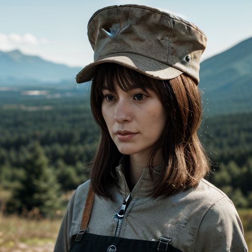 a mountain hounted haired wood, summer-yokai stood hat accent, flat realistic, 4k, strong, ultra dressed, artstation trending, fawncore, painting, ultra wooden, hat and fossil galaxy, order shading through universe
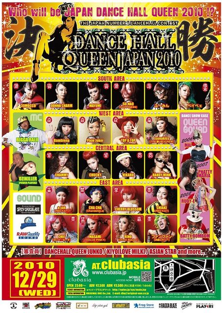 ◆DHQ JAPAN 2010〜決勝〜◆12/29[水] 管理人様、告知失礼致します。 10月・11月に行われた全国予選大会(福岡・大阪・名古屋・東京/計85名)を勝ち抜いた22名のレゲエダンサーの中から日本一のレゲエダンサーを決めるFINAL STAGE。 2006[MAI]/2007[PHATTY MARIA]/2008[RUDY-E]/2009[BATTY BOMBOM]、今までに4人のダンスホールクイーンを生んだDANCEHALL QUEEN JAPAN、今年の世界大会(JAMAICA)ではRUDY-Eが2位&ベストドレッサー賞を獲得、後一歩で世界一のクイーンをつかめる所まで来た! 日本人から世界一のレゲエダンサーを生む為に開
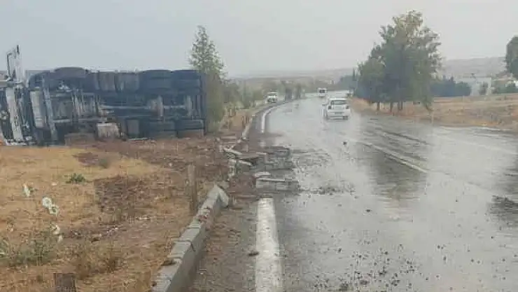 Adıyaman'da kamyon, sürücüsünün direksiyon hâkimiyetini kaybetmesi sonucu kontrolden çıkarak refüje çarpıp devrildi.
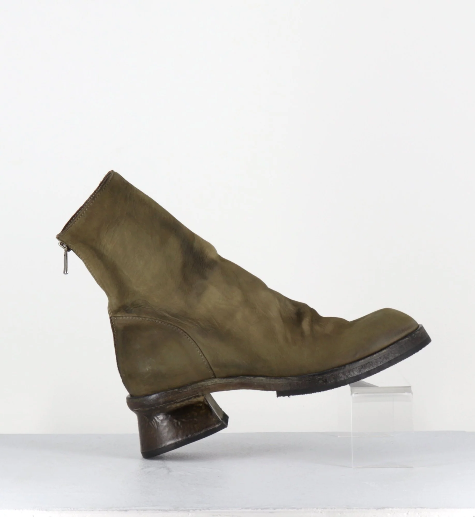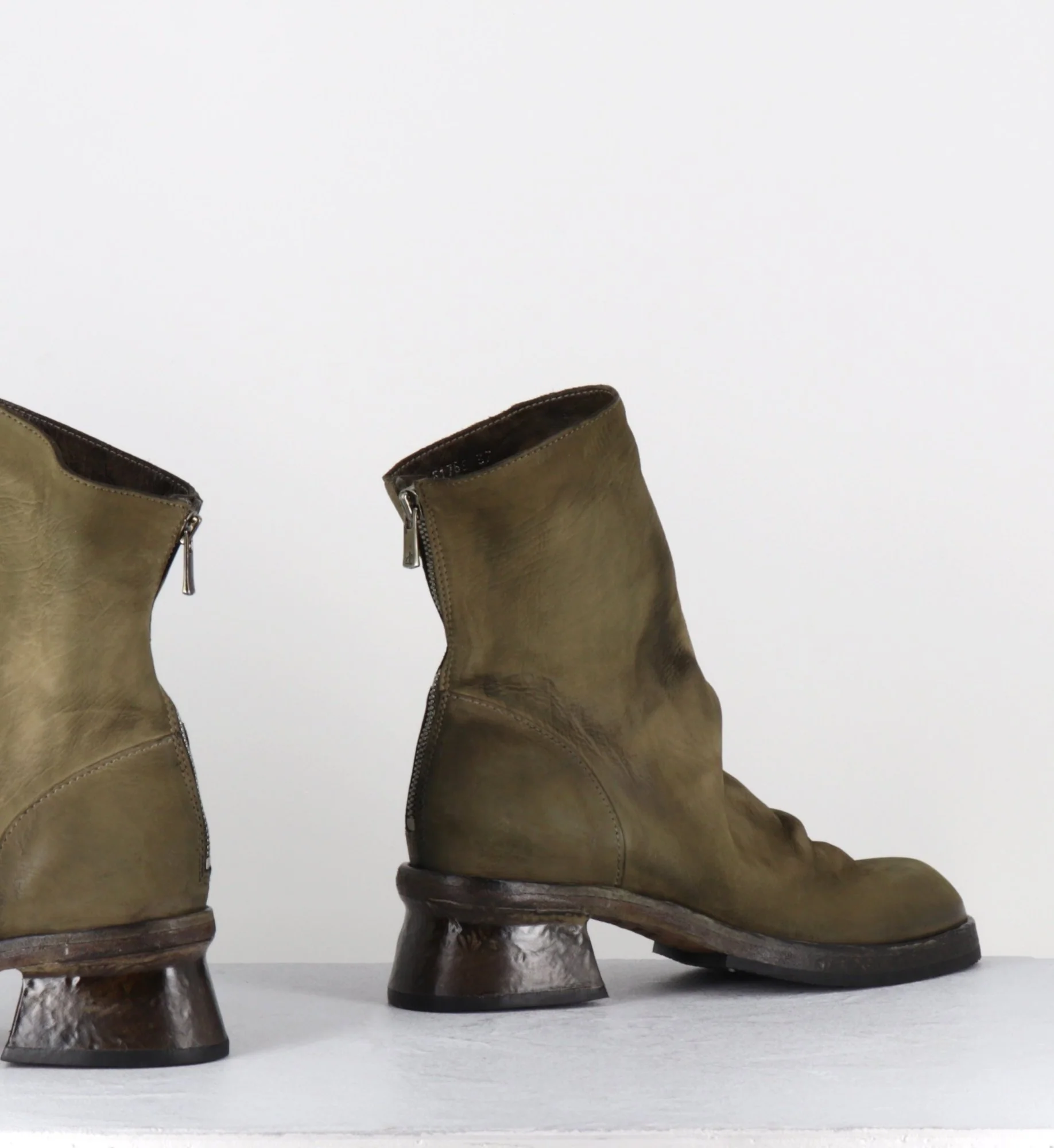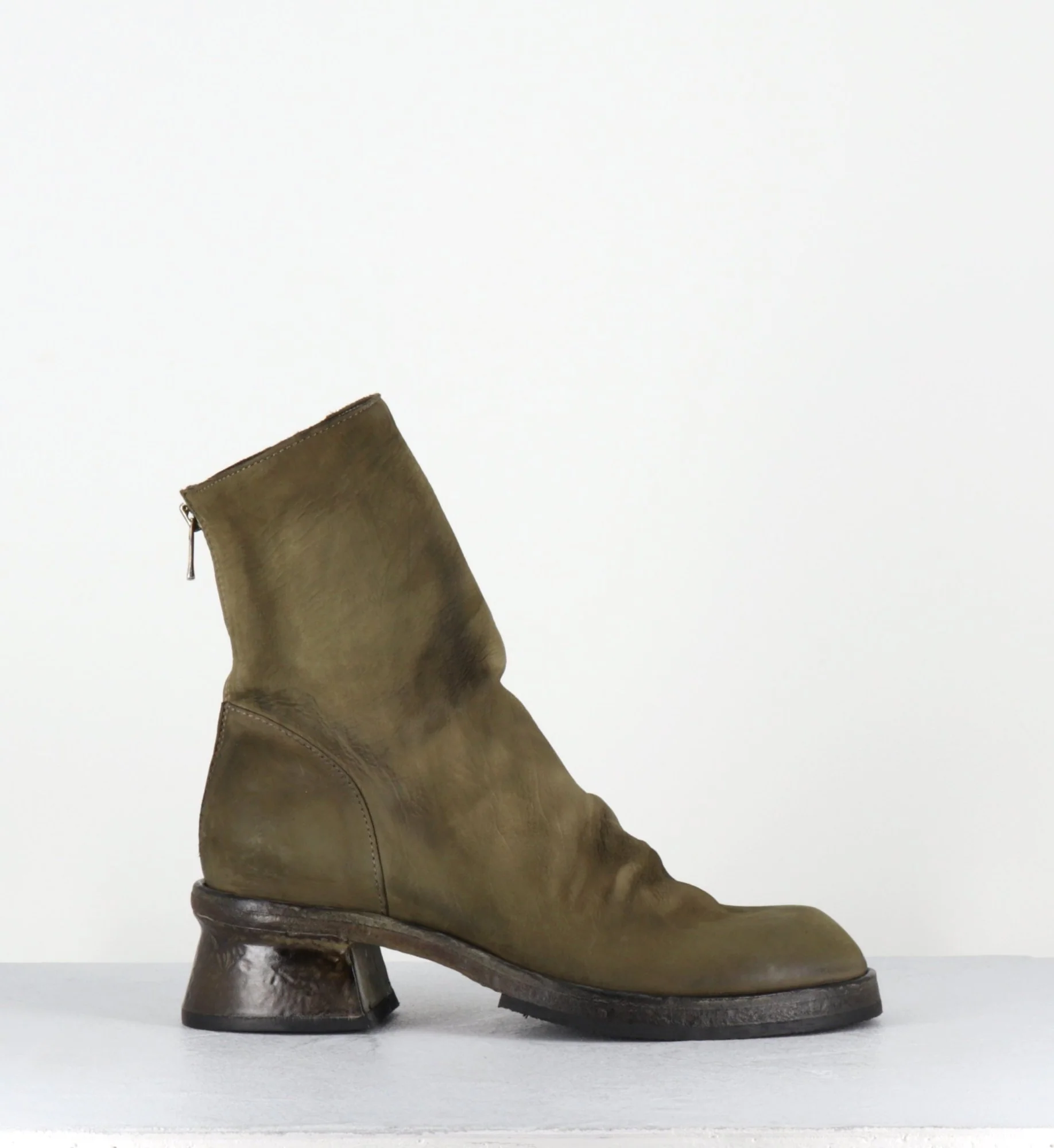 Boots en cuir gras lavé à la main pour un effet vintage, couleur vert kaki nuancé, zip arrière, montées sur une double semelle cousue intégral et un petit talon légèrement déstructuré
==*==
An exact copy of the data is required, with the pictures excluded.

Result for this task →
 a mountain hounted haired wood, summer-yokai stood hat accent, flat realistic, 4k, strong, ultra dressed, artstation trending, fawncore, painting, ultra wooden, hat and fossil galaxy, order shading through universe
 ◆DHQ JAPAN 2010〜決勝〜◆12/29[水] 管理人様、告知失礼致します。 10月・11月に行われた全国予選大会(福岡・大阪・名古屋・東京/計85名)を勝ち抜いた22名のレゲエダンサーの中から日本一のレゲエダンサーを決めるFINAL STAGE。 2006[MAI]/2007[PHATTY MARIA]/2008[RUDY-E]/2009[BATTY BOMBOM]、今までに4人のダンスホールクイーンを生んだDANCEHALL QUEEN JAPAN、今年の世界大会(JAMAICA)ではRUDY-Eが2位&ベストドレッサー賞を獲得、後一歩で世界一のクイーンをつかめる所まで来た! 日本人から世界一のレゲエダンサーを生む為に開
 Adıyaman'da kamyon, sürücüsünün direksiyon hâkimiyetini kaybetmesi sonucu kontrolden çıkarak refüje çarpıp devrildi.
 Boots en cuir gras lavé à la main pour un effet vintage, couleur vert kaki nuancé, zip arrière, montées sur une double semelle cousue intégral et un petit talon légèrement déstructuré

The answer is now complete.